Blackstar Series One 200 - I've got the 100 and the HT-5 and they are cool amps. I was thinking about the 200 since Gus G is playing that for Ozzy and it sounds pretty good. Not sure it's really the quality I'm looking for though. This would be my last choice I believe.

I own many guitars (about 50 or so) that I play. Most all are humbuckers and are all 6 string guitars. Most range from PRS to Les Pauls to Ibanez & EBMM. Right now only one has active pickups. It's a EBMM Luke BFR. I'm thinking about converting one of my others as well.


Sorry for this getting pretty long like a book. I just wanted to try my best to describe what I'm after and kind of what's on my mind. Any qualified help would be appreciated. By qualified I don't mean some kid that's playing through a Line 6 and been drooling over a Mesa Boogie, but hasn't been able to save up enough to get one yet. No offense, everybody has to start somewhere, that's just not the help I'm looking for.

I will say that I am not a freak on guitar. My best friend is a total master freak, so I do know the difference. Therefore, I don't need something that is absolutely unforgiving. 

Thank you for your time.
Todd


----------



## Rook (Jan 3, 2011)

From what you wrote there, I'd go SLO. You've already rejected Diezel so there's no point in beating that to death, you won't gain enough with the Series One 200 over the 100 to warrant it haha, and I've never played with a Fortin.

See also, Mesa Stiletto Deuce and the new Multi-Watt Rectifiers, great for Killswitchy kinda sound particularly and boosted rectos are amazing.


----------



## MaxOfMetal (Jan 3, 2011)

Honestly man, the best thing to do is to play these amps and see if you like them. We all play different and have different tastes, so telling someone what amp will suit them, opposed to what amp would suit themselves is like asking someone to describe the color blue, or the taste of apples. 

Also, just throwing it out there, most of the folks on here have never even been in the same room as a lot of those amps. Heck, I've played tons of gear of the years and I've only really played the Soldanos on your list, with a little tinkering with a Herbert and One200. 

If all you want is more solid low end, I'd look into perhaps getting a different cab, opposed to a whole new amp. Those Rivera have great lows, so I'd attribute any lack in that regard to your cab. 

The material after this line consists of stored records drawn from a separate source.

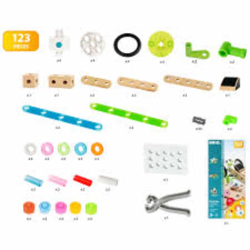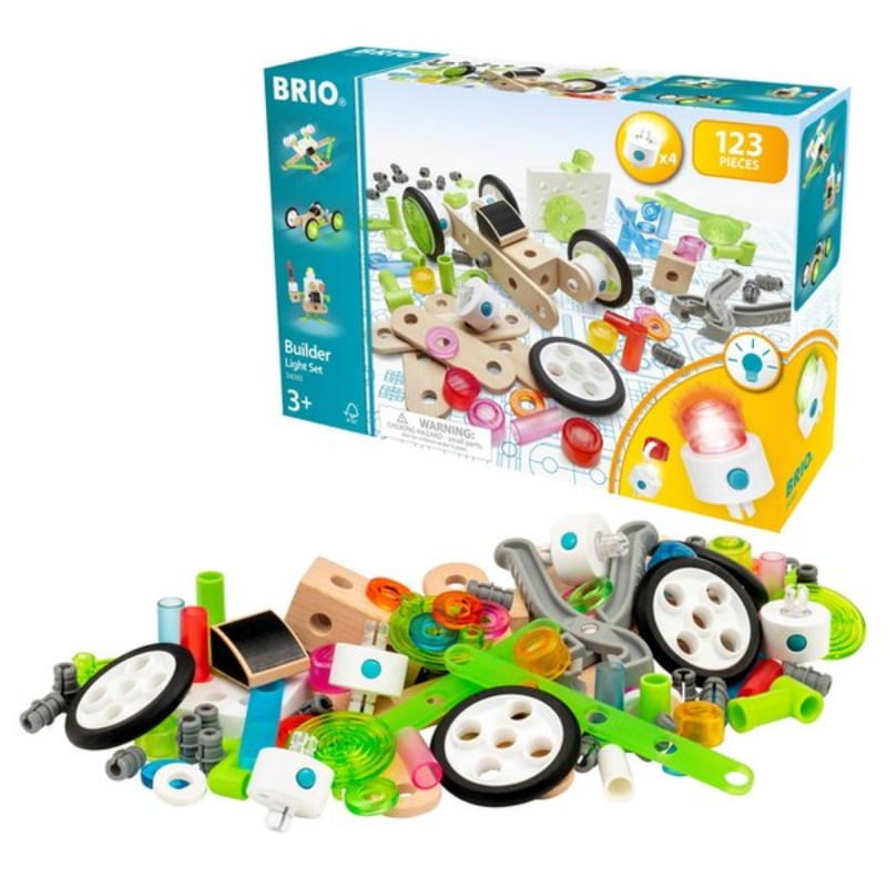 120-osainen BRIO Builder-rakennuslelusetti, helppokäyttöisiä työkaluja ja leikkimään innostava STEM-ohje. Kun BRIO Builder-luomukset valaistaan, leikki saa uuden käänteen. Tämän sarjan avulla voi rakentaa joka päivä omia leluja vailla rajoituksia. Kun lapsi rakentelee ja käyttää luovuuttaan, hän oppii samalla ratkaisemaan ongelmia. Kaikki osat sopivat yhteen BRIO Builder -järjestelmän kanssa, mikä tekee leikeistä entistä monipuolisempia.
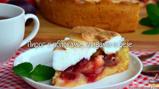 Безе превращает обычный пирог в праздничный. Пирог с яблоками, сливами и безе
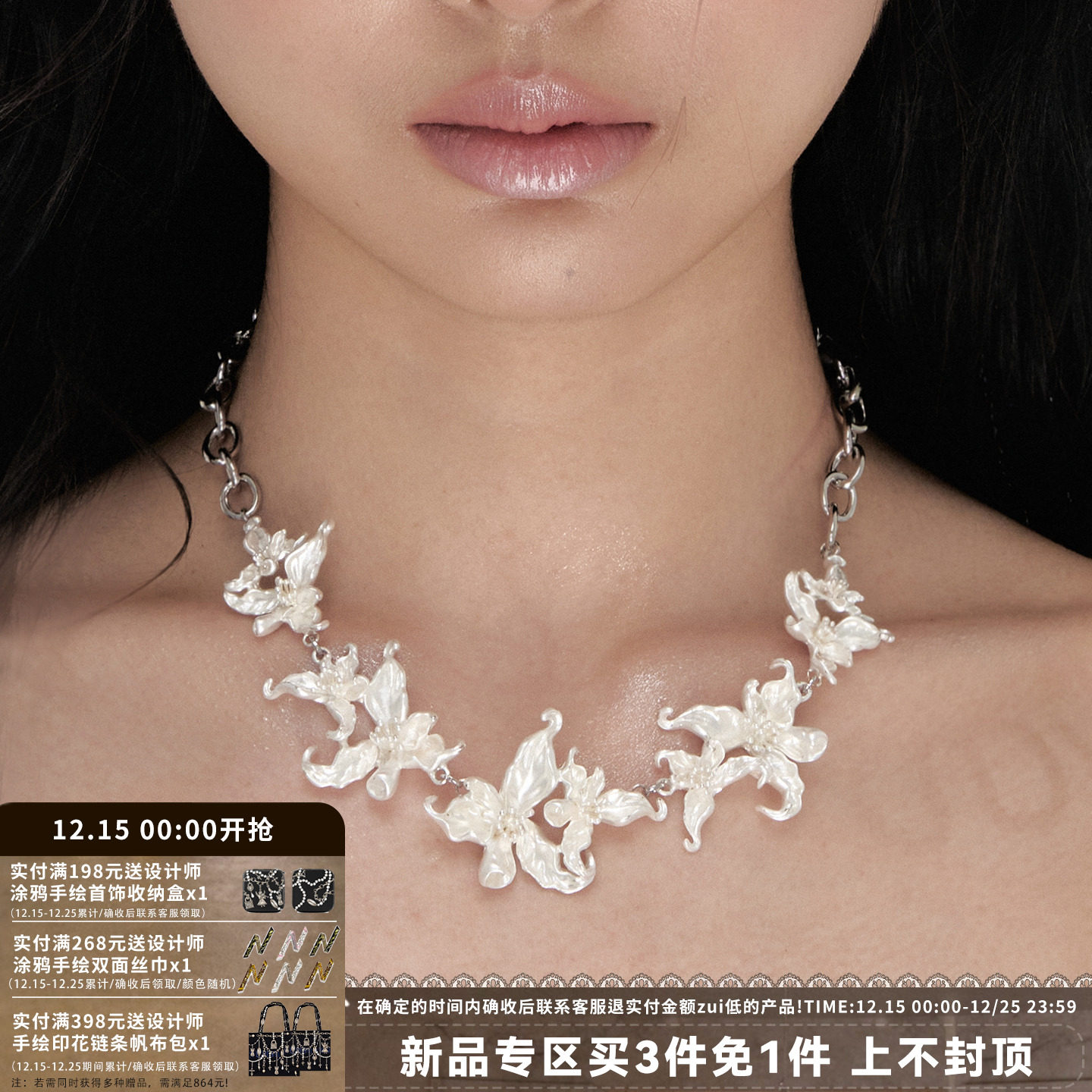 [Star same style] SUMIYAKI pale telling series pure white iris necklace niche choker girl

All that being said, if you love Marshall and want a killer modded one, then Fortin will probably make you the happiest.


----------



## Philligan (Jan 3, 2011)

If you like the K-Tre, have you tried boosting it with a Tubescreamer-style overdrive to tighten up the lows? I'd definitely try and that a noise gate before selling the amp and moving to a new one.


----------



## toddf007 (Jan 3, 2011)

Thanks guys. 

I will throw out there that the cab I'm using for the K Tre' is a Port City 2x12 OS loaded with Scumbacks M75 and H75 65 watt speakers. The K Tre' for sure will hit low and the TS pedal does tighten it up. That's how I'm running now. It is quite noisy like this though. I do have an ISP Decimator ProRack G coming tomorrow. Hopefully this will help a lot in that area. I can't say that I dis-like the Rivera at all, other than the squealing. I love Rivera's products. I think they are way underrated. 

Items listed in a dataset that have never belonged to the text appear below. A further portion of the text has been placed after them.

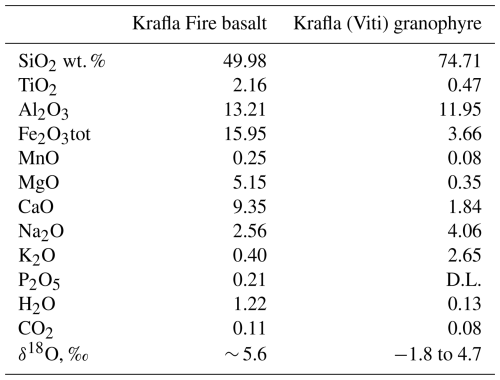 According to drilling logs (Mortensen et al., 2014), the crust above the magma body in Krafla has a felsic composition. The magma uplifted by the drilling fluid also has a high silica content and ranges from crystal-free rhyolites to partially molten felsites, also called granophyres (Borisova et al., 2023). The debate about the nature of the intruding magma body is long-standing (e.g. Zierenberg et al., 2013; Rooyakkers et al., 2021), regarding whether not only basaltic but also rhyolitic magma intrusions caused the production of the felsic magma drilled in both the KJ-39 and IDDP-1 wells between 2008 and 2009 (Mortensen et al., 2010). Bimodal compositions of the erupted products were noticed since Grönvold and Mäkipää (1978), with lavas north of the caldera being more primitive than those inside the caldera during the first three eruptions (1975–1977). Presently, petrological studies indicate that a single reservoir cannot explain this bimodality (e.g. Rooyakkers et al., 2021). The recent study of Rooyakkers et al. (2024) invokes the necessity of short basalt–rhyolite mixing timescales (e.g., hours or days) and the ascent of both primitive and evolved basaltic magmas, driven by episodes of plate-boundary rifting during the Krafla Fires.
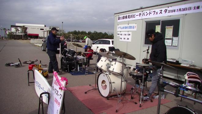 ドラムをCD演奏に合わせて叩く体験です。
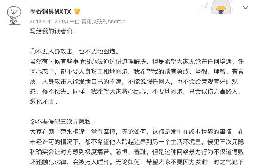 相信不少人是从魔道祖师入坑人渣反派自救系统,再到天官赐福,每部小说的大热都伴随着争议,微博黑子和粉丝的撕逼也一直持续不断,愈演愈烈。今天小编就和大家八一八这次案件的始末。

I wish I could just go out and try out some of these amps. That's the reason I've got through so many though. I have to buy high end gear to try it out. Actually, that doesn't bother me too much. I love buying new gear all the time and then turning around and selling it. I know I've been through at least 30 amps over the past couple of years. It's just like the situation I'm in right now. The K Tre' is a killer amp and actually does the job fine. I'm just looking for more for some reason. I think that search will never end. It's all in fun.

I have been through every Mesa Boogie EXCEPT the new Rectifier and the new Mark V. I just never really agreed with the tone. I've tried like hell to agree with it, but in the end I always want to get rid of them. For some crazy reason I seem to always gravitate back to them because I feel it's a wonderful company making a fantastic product. I always feel like I just missed something while I had my last one. The same goes for those Diezels. Now, here I am again looking at another Herbert, lol.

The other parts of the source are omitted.